Risk/Reward Vol. 360
THIS IS NOT INVESTMENT OR TAX ADVICE. IT IS A PERSONAL REFLECTION ON INVESTING. RELY ON NOTHING STATED HEREIN.
Excellent earnings reports, a calm bond market, a good jobs report and most importantly TINA (There Is No Alternative--to stocks, that is) again combined to send the Dow Jones Industrial Average to record highs. Euphoria is everywhere. Indeed, on Friday, Jim Paulsen, the former chief investment strategist at Wells Fargo, said that given the current low interest rate environment and the lack of inflation the bull market could "continue forever." Talk about exuberance! But is it irrational as claimed by former Fed Chair Alan Greenspan on Friday?
As I have written exhaustively in the past, the current stock "bubble" is a direct result of central bank policies world wide. Every major central bank has driven interest rates to zero and beyond in the hope of creating inflation which they believe is necessary to spur economic growth and prosperity. This logic was explained in detail in Vol. 359
http://www.riskrewardblog.blogspot.com/. Clearly, the logic is faulty, but central banks have shown no inclination to revisit it. The two factors that they believe will cause inflation are low unemployment and low interest rates. Well, Friday's jobs report puts unemployment at a remarkably small 4.3%, and yet inflation remains stubbornly low. Indeed, a report from the G-20 (the 20 largest economies in the world) released on Thursday indicates that inflation in the developed world is currently as low as it was in 2009-- at the depths of the recession. With unemployment so low, that leaves low interest rates as the only inflationary tool left in the box. As long as the Federal Reserve, the ECB, the Bank of England and the Bank of Japan continue the current low rate environment, the stock market should continue to do well. Forever, Jim? I doubt it. Let's just say the bulls will continue to run until they don't.
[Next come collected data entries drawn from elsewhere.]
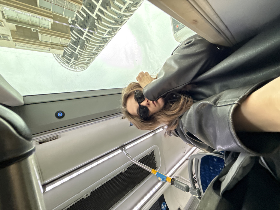 A woman with sunglasses and a leather jacket sits inside a train. The train interior has overhead windows, revealing a tall, curved building exterior. The camera angle is from below, looking up at the woman. The train interior features white walls, LED lighting, and blue patterned seats. A metal pole is visible in the foreground.
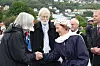 Dronning Sonja helsar på Dusa Mc Duff, kona til Abelprisvinnaren, i 2011. Bak er prisvinnaren John Willard Milnor og rektor Sigmund Grønmo. Foto: Åse Johanne Roti Dahl H. M. Dronning Sonja helsar på kona til Abelprisvinnaren, Dusa Mc Duff *** Local Caption *** Dusa Mc Duff (frå v.) og Dronning Sonja. Bak er John Willard Milnor
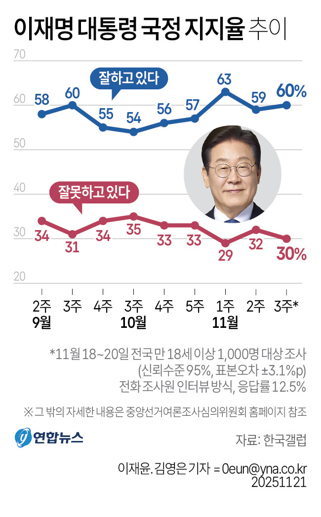 한국갤럽이 18~20일 전국 만 18세 이상 1,000명을 대상으로 조사한 결과 응답자의 60%가 이 대통령이 ‘잘하고 있다’고 답했고, ‘잘못하고 있다’는 응답은 30%, 의견 유보는 10%였다.
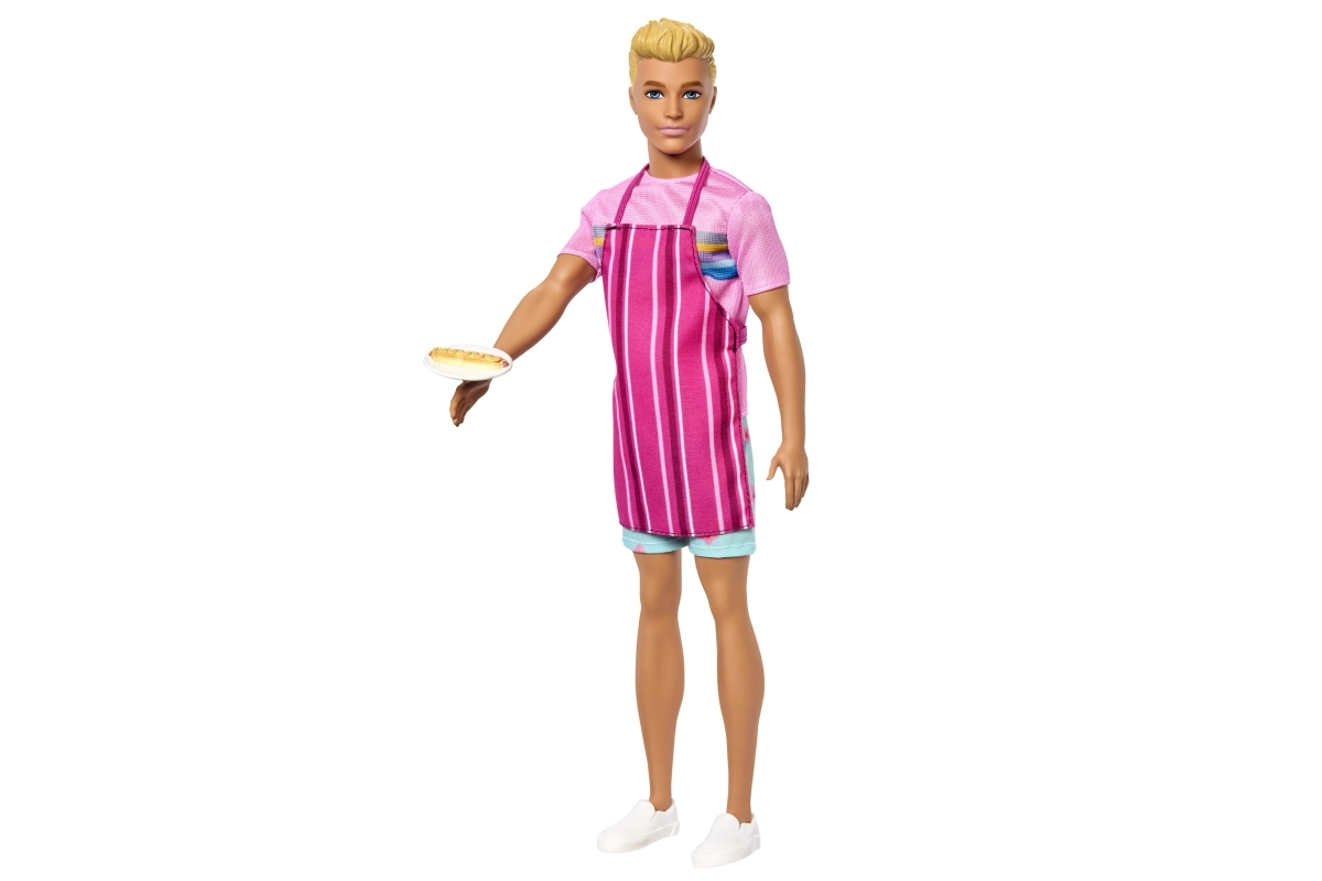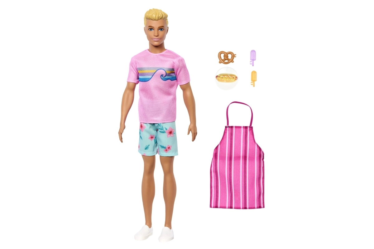 - Κούκλα Ken, ροζ μπλουζάκι, λουλουδάτο σορτς, λευκά παπούτσια, ριγέ ποδιά, pretzel, hot dog, 2× παγωτίνι
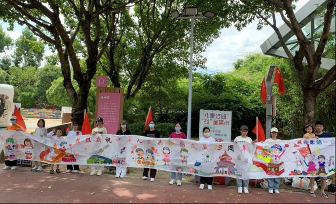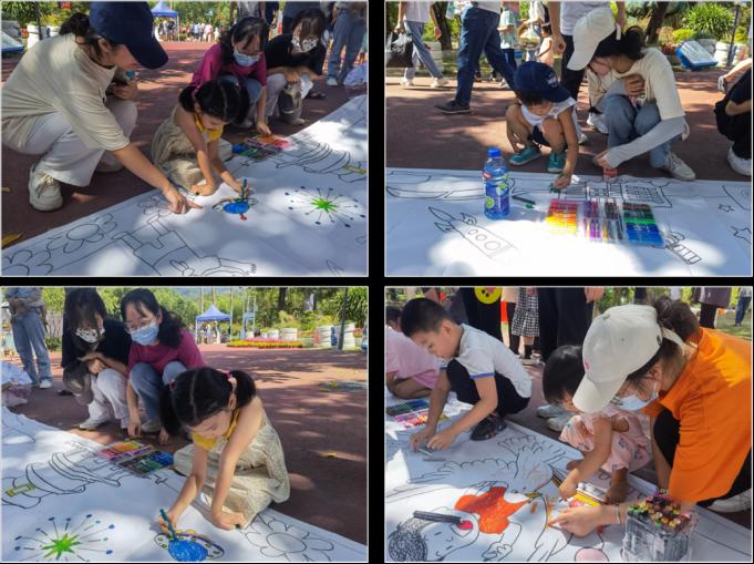 10月3日上午,学前教育学院华洁琼老师带领21级早教专业9名学生前往福州市儿童公园,参加由福州市早期教育指导中心举办的“红色基因,强国有我——30米长卷亲子绘画”早教入社区活动,与30余组家庭共同庆祝祖国73周年华诞。
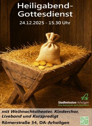 „Micha!!!“, brüllt eine wütende Stimme. Warum Michas Vater sauer auf ihn ist und was ein Säckchen voll Goldmünzen mit Weihnachten zu tun hat, wird an Heiligabend in der Stadtmission Arheilgen zu sehen sein. Freut euch auf das unterhaltsame Weihnachtstheater „Chaos im Stall“, den Kinderchor "SingKids", Weihnachtslieder mit Liveband und eine Kurzpredigt.
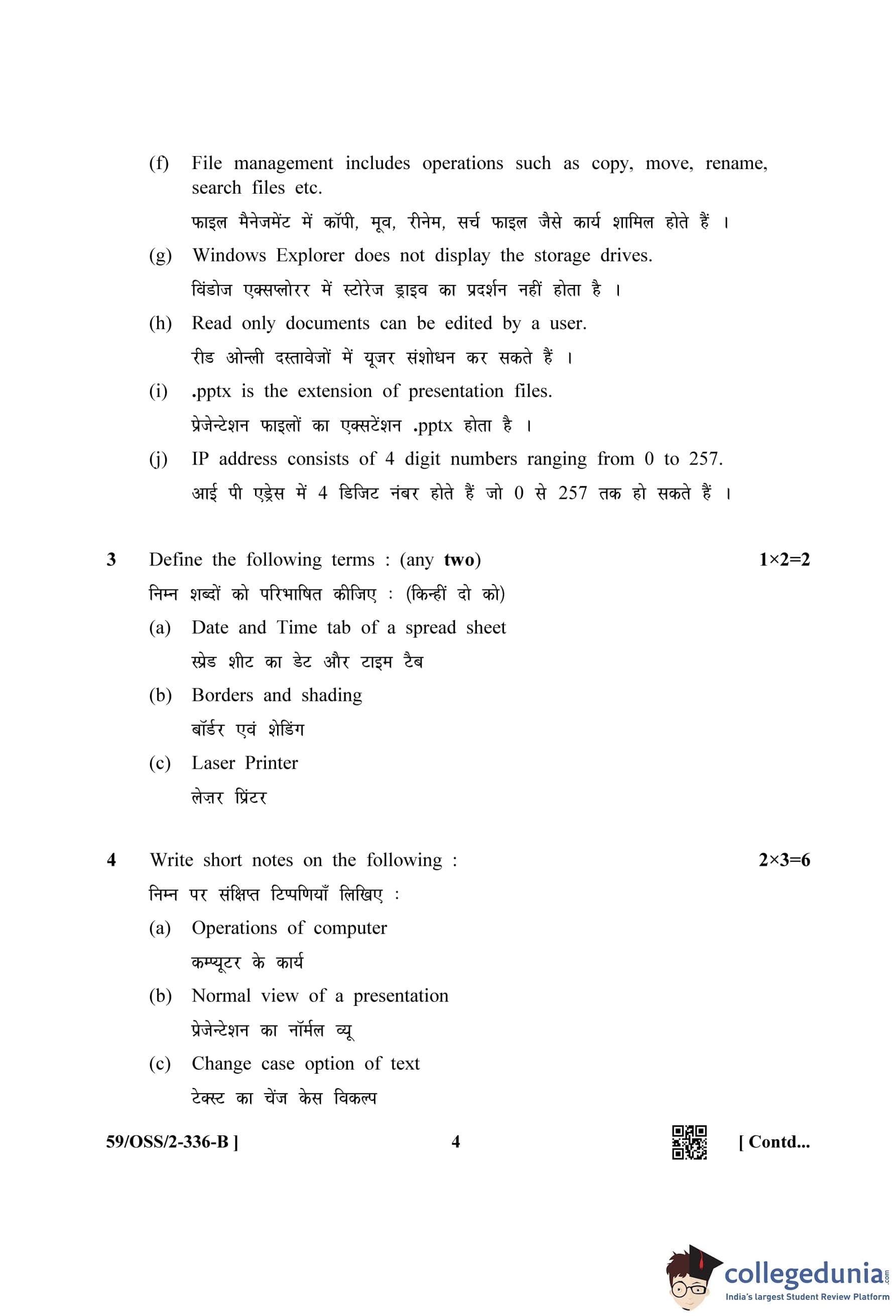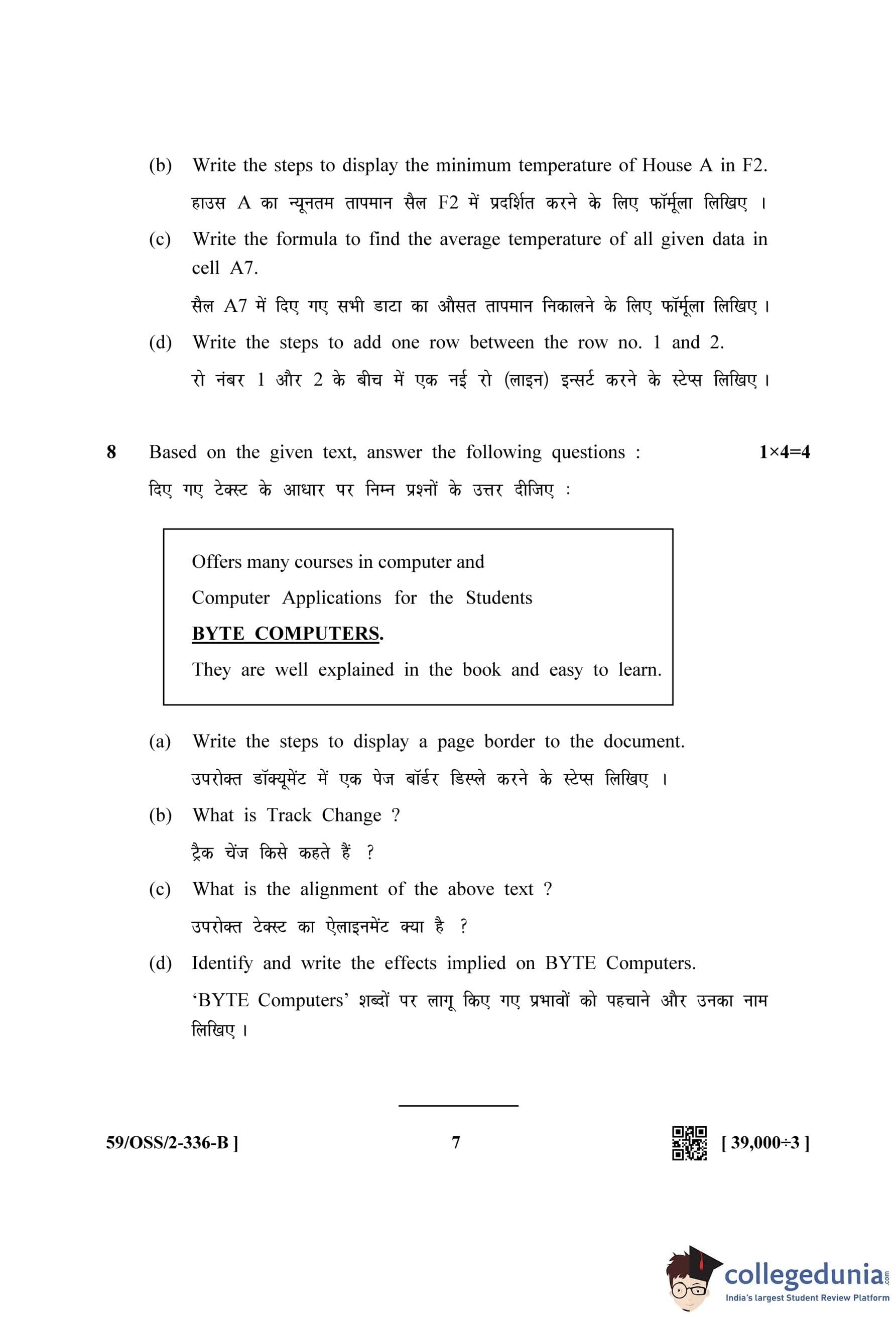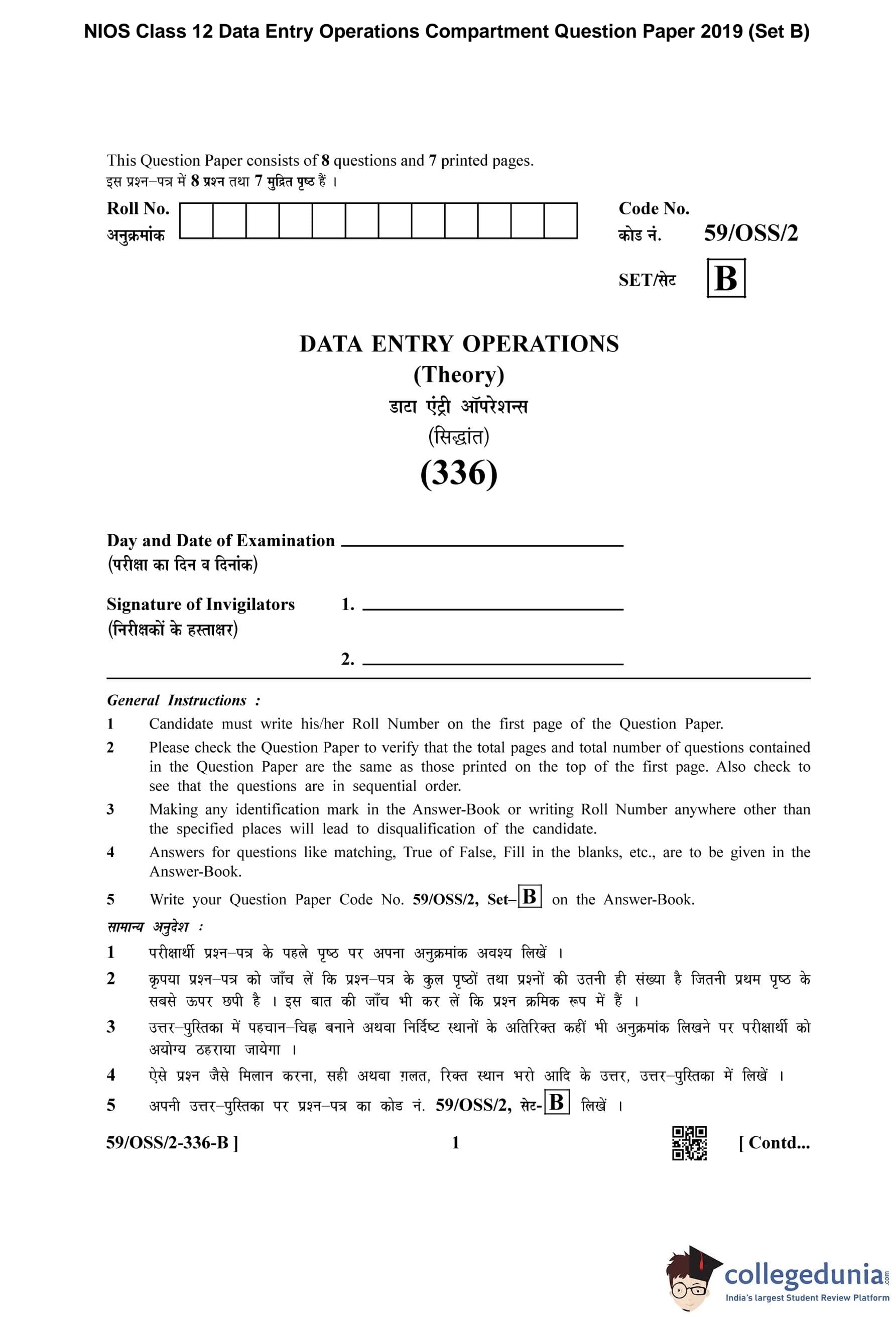 NIOS Class 12 Data Entry Operations (Set B) Compartment Question Paper 2019 with Answer Key

If inflation is not in our future (and for demographic reasons I don't believe that it is, see Vol. 358 www.riskrewardblog.blogspot.com), what if anything will cause the bull stock market to end? One way would be for central banks to revisit the above explained logic. But as noted in previous editions, that ain't gonna happen until the composition of central bank boards changes. A second could be a black swan event. North Korea launching a nuclear attack, Iran closing the Straits of Hormuz or some cataclysmic natural disaster could do it. But a black swan is always a risk and thus not a reason to exit now. Another looming risk is credit default. As discussed at length this week in an edition of Grant's Almost Daily e-newsletter, with so much money available, lenders (particularly unregulated ones) are competing vigorously to put money to work. Not only are they competing on rates, they are also lessening the protections they normally require. We are again in an era loose underwriting and "covenant lite". As you may recall these factors led to the subprime mortgage crisis of 2008. Do I see a repeat of 2008? No. First, any such defaults would hit non-regulated lenders much more than commercial banks. In other words, the losses would be felt and absorbed by the 1% and not the general public. And two, commercial banks are much more capital secure than they were. Nevertheless, it is something to watch.